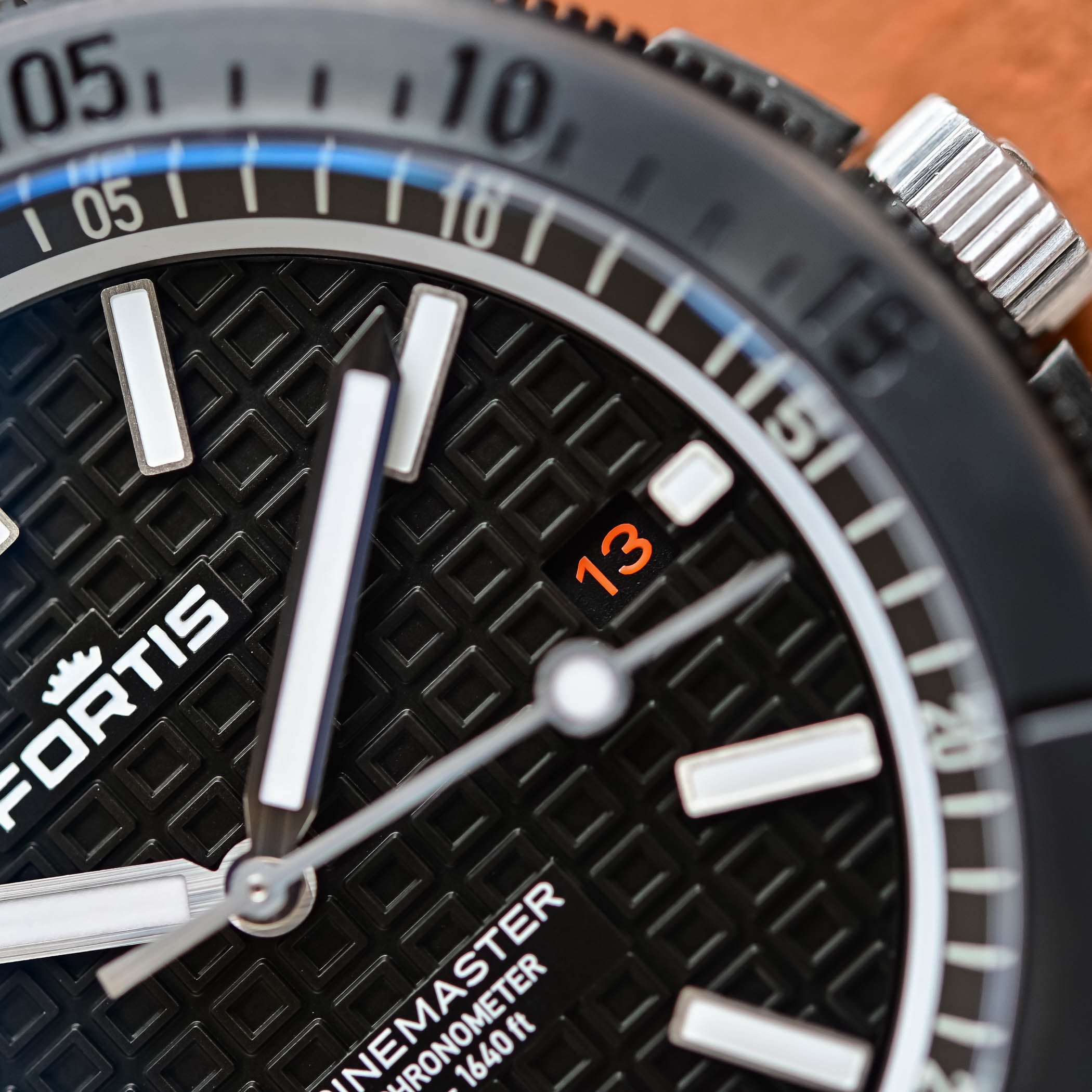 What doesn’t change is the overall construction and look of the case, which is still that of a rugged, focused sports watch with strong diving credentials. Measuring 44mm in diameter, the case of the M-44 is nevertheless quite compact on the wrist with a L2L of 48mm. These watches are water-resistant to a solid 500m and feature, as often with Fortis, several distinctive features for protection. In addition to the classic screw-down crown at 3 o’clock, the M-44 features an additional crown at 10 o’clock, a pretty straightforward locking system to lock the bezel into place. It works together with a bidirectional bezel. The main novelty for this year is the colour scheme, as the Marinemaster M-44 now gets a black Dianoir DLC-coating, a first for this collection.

* * *

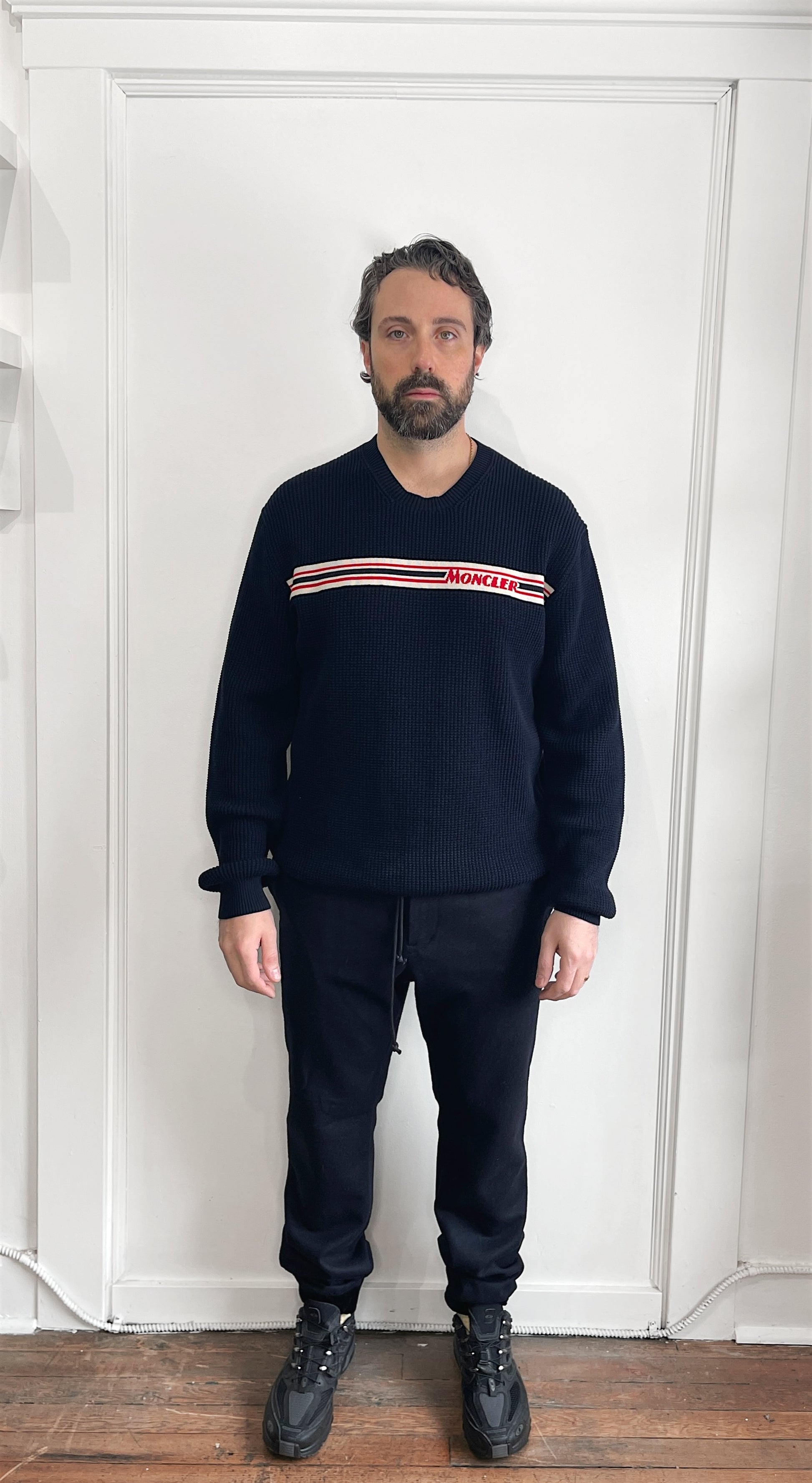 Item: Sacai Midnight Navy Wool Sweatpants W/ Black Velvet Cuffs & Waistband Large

---

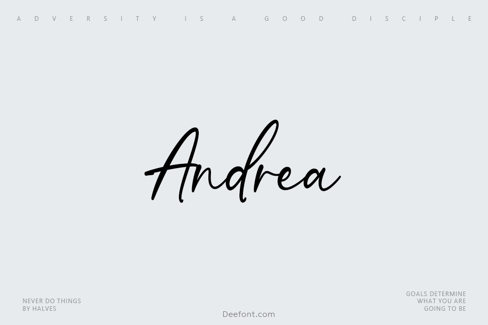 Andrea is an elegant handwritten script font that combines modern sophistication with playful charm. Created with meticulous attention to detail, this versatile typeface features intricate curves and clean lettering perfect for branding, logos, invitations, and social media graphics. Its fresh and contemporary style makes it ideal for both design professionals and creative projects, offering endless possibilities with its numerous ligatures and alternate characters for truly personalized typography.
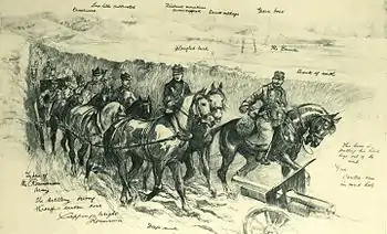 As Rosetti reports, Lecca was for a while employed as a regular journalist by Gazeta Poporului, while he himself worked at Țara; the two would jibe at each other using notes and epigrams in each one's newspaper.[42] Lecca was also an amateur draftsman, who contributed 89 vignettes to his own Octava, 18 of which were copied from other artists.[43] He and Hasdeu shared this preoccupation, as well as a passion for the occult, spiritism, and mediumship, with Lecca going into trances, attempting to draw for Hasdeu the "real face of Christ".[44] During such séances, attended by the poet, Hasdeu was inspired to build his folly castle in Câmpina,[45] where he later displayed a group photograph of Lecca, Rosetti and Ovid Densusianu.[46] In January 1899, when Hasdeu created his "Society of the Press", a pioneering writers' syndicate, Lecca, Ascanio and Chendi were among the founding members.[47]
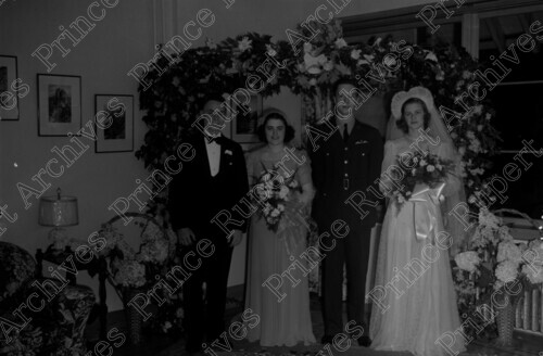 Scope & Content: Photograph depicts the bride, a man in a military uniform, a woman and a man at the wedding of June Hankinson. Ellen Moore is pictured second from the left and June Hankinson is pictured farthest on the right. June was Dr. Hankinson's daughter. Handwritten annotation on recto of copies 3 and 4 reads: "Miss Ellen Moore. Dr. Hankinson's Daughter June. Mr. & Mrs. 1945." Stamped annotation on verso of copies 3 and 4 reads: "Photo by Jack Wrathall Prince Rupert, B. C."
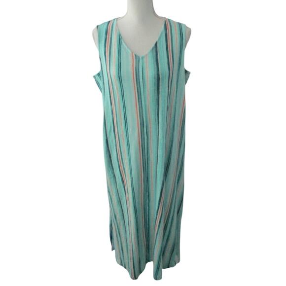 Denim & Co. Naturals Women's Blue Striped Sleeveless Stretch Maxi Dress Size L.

§ WORK ITEM
The answer must be the part of the records that opens with the line containing "Scope & Content: Photograph" and closes with the line containing "Denim & Co.", reproduced exactly, with no pictures.

§ WORKED SOLUTION
 Scope & Content: Photograph depicts the bride, a man in a military uniform, a woman and a man at the wedding of June Hankinson. Ellen Moore is pictured second from the left and June Hankinson is pictured farthest on the right. June was Dr. Hankinson's daughter. Handwritten annotation on recto of copies 3 and 4 reads: "Miss Ellen Moore. Dr. Hankinson's Daughter June. Mr. & Mrs. 1945." Stamped annotation on verso of copies 3 and 4 reads: "Photo by Jack Wrathall Prince Rupert, B. C."
 Denim & Co. Naturals Women's Blue Striped Sleeveless Stretch Maxi Dress Size L.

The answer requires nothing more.